How to complete this task -
Set down exact lines only, from the line with "The Air Jordan" through the last line of the material below, with every picture left out.

Raw data -
%%
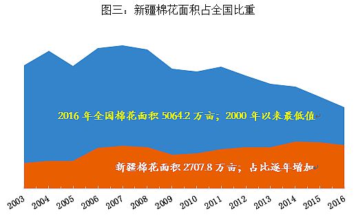 通過政策的導向和帶動作用,我國棉花生產(chǎn)進一步向新疆優(yōu)勢產(chǎn)區(qū)集中,新疆產(chǎn)量占比由5年前的40%上升至70-80%,棉花生產(chǎn)比較優(yōu)勢充分發(fā)揮;同時新疆棉花種植結(jié)構(gòu)得到調(diào)整,次宜棉區(qū)退出棉花生產(chǎn),實現(xiàn)種植結(jié)構(gòu)向調(diào)好、調(diào)順、調(diào)優(yōu)轉(zhuǎn)變。
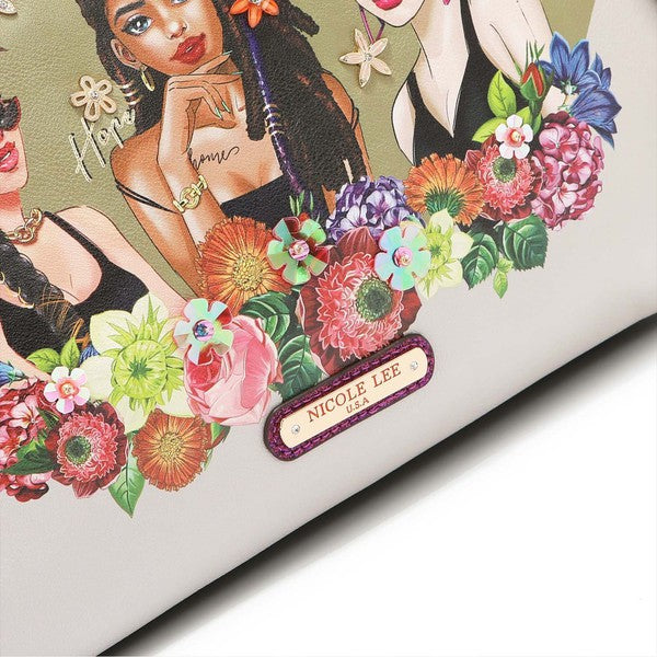 Front design is embellished with multi-colored plastic and enamel flowers accented with diamond rhinestone studs
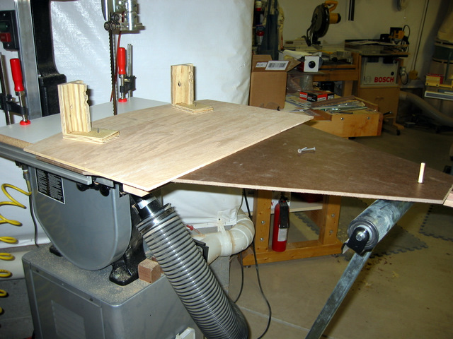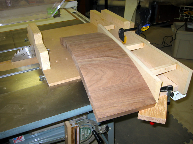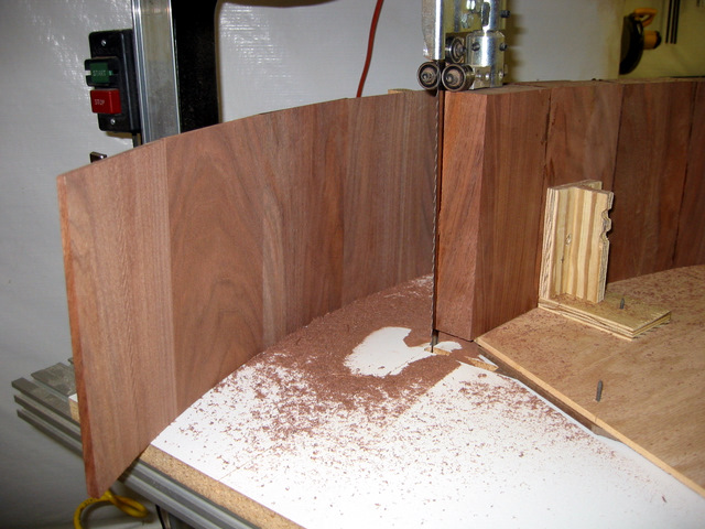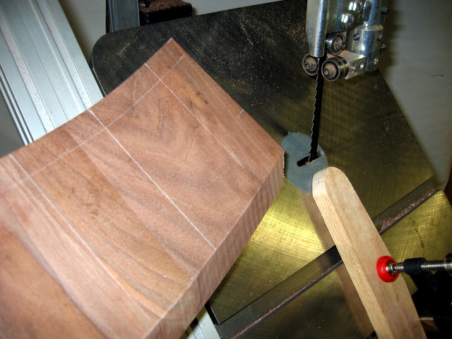 The jig is actually a very useful one for cutting circles and/or arcs at the band saw. You can see from the pictures that the jig consists of a base with a movable arm that holds a dowel pivot point. In addition, for this task of cutting an arc along the front and rear faces of the headstock there is also a temporary carrier board with some scrap L-shaped supports to hold the piece while cutting.
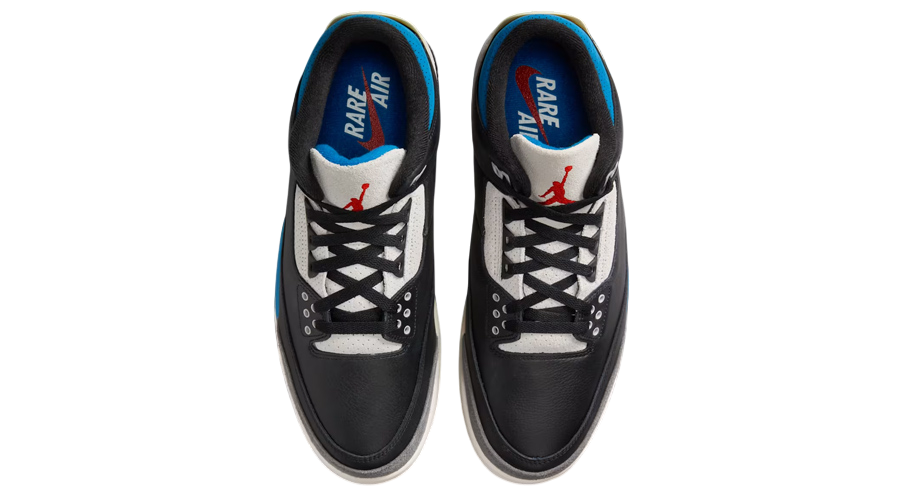 The Air Jordan 3 “Rare Air” brings a bold remix to a heritage favourite. Inspired by imperfections found on early Jordan samples, this upcoming release flips the script on traditional AJ3 details. Gone is the iconic elephant print—Nike replaces it with soft grey suede overlays that give the upper a sleeker, more refined look. Premium black leather covers the base, with hits of Military Blue on the eyestays and inner lining. Together, the colours deliver a sharp contrast that doesn’t stray far from the Jordan brand’s roots.
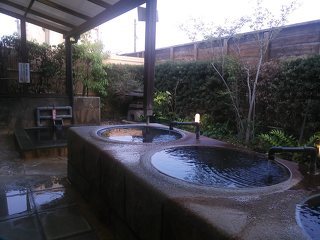 久しぶりに大浴場に入りました。中に大きな浴槽が一つあり、露天は写真のように釜風呂が3つと浴槽が1つあります。大浴場にしてはバリエーションが少ない感じがしますが、その気持ちを越えるお湯の質があるので、とても満足度が高い温泉です。
%%
The completed task -
 The Air Jordan 3 “Rare Air” brings a bold remix to a heritage favourite. Inspired by imperfections found on early Jordan samples, this upcoming release flips the script on traditional AJ3 details. Gone is the iconic elephant print—Nike replaces it with soft grey suede overlays that give the upper a sleeker, more refined look. Premium black leather covers the base, with hits of Military Blue on the eyestays and inner lining. Together, the colours deliver a sharp contrast that doesn’t stray far from the Jordan brand’s roots.
 久しぶりに大浴場に入りました。中に大きな浴槽が一つあり、露天は写真のように釜風呂が3つと浴槽が1つあります。大浴場にしてはバリエーションが少ない感じがしますが、その気持ちを越えるお湯の質があるので、とても満足度が高い温泉です。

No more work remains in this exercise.